Tatters are better though they don’t go off as quick


----------



## harrow (Feb 28, 2018)

Roll on the weekend when the temperatures rise !

:banana:


----------



## Nabsim (Feb 28, 2018)

Okay, its now cold haha. Woke up and seem to think I have had cold feet all night, dunno if I pulled quilt up too high or not but I am nearly always warm or too hot!

Risen to minus 6 outside although thats not counting wind chill. Going to have to put gas fire on soon methinks 

... or go and camp out in the van, have just over half a tank of fuel and that heating is HOT!!!


----------



## Asterix (Feb 28, 2018)

B b bloody cold here in Kent,currently -7,my gas has given up and won't light,snow is getting deeper,must be getting close to a foot lying out there,even the dog is refusing to get out of bed!


----------



## Nesting Zombie (Feb 28, 2018)

Nabsim said:


> Okay, its now cold haha. Woke up and seem to think I have had cold feet all night, dunno if I pulled quilt up too high or not but I am nearly always warm or too hot!
> 
> Risen to minus 6 outside although thats not counting wind chill. Going to have to put gas fire on soon methinks
> 
> ... or go and camp out in the van, have just over half a tank of fuel and that heating is HOT!!!

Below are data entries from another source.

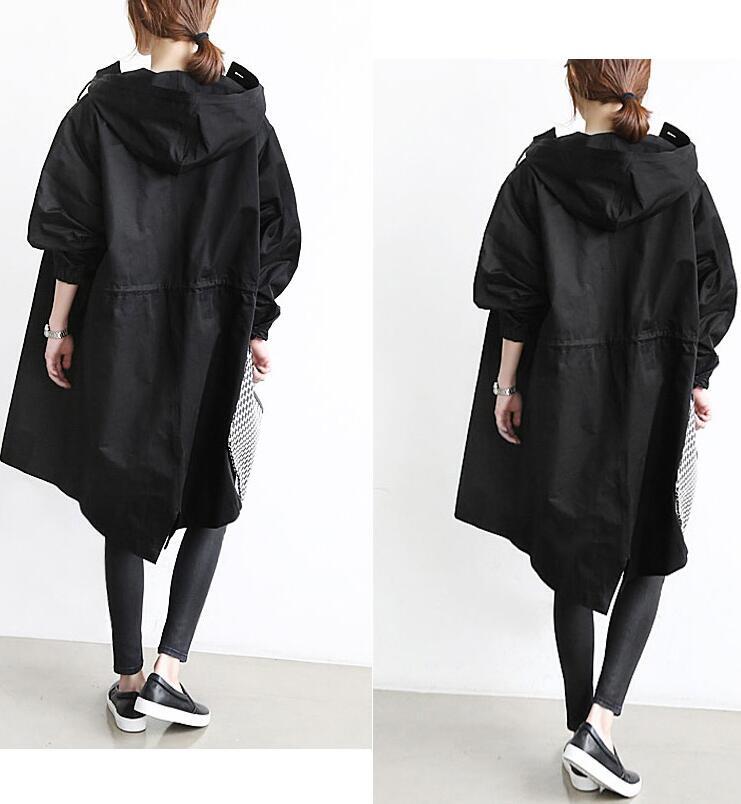 スプリングコート ロングコート レディース 2色 S-4L ライトアウター フード付き カジュアル 春秋 26LT172
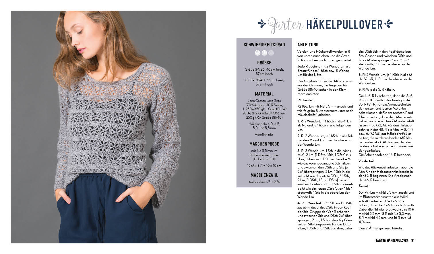 So hauchzart und wunderschön kann Häkelmode sein! Häkeln Sie über 20 traumhafte Modelle mit filigranen Lochmustern aus edlen Lace-Garnen. Ob zartes Stirnband, luftige Oberteile, Mützen oder feine Tücher - diese federleichten Häkelprojekte aus speziellen Lace-Garnen begeistern Fans zarter Häkelmode und feiner Accessoires. Auch für Häkel-Einsteiger mit Grundkenntnissen geeignet.
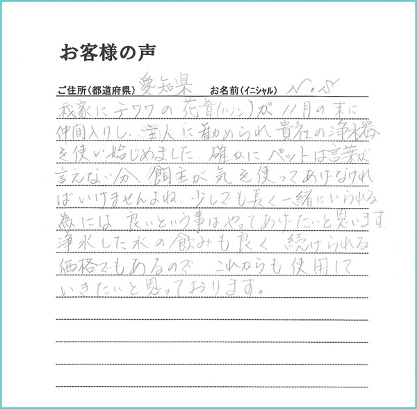 我家にチワワの花音(ハノン)が、11月の末に仲間入りし、主人に勧められて貴社の浄水器を使い始めました。

I just posted this on another thread -

I have to say, where I was parked up last night (Just outside Tonbridge Wells) it was by far the coldest night at a SUSTAINED -6°C + a bit of windchill that made it feel colder.
Nesty kept the Nest at around +18°C aboard But I did notice that I had to feed it more regularly to maintain That at around 6 lumps every 30/45 mins,,(Granted I only use small lumps due to the size, But it’s not about its size, it’s how it’s used !). The last feed for it was around 00:30 after I finished watching a movie, But It was however out & Only ‘Hand Warm’ At 08:00 this morning with an internal temp of +13°C in the Main saloon area & +10°C in the Aft cabin.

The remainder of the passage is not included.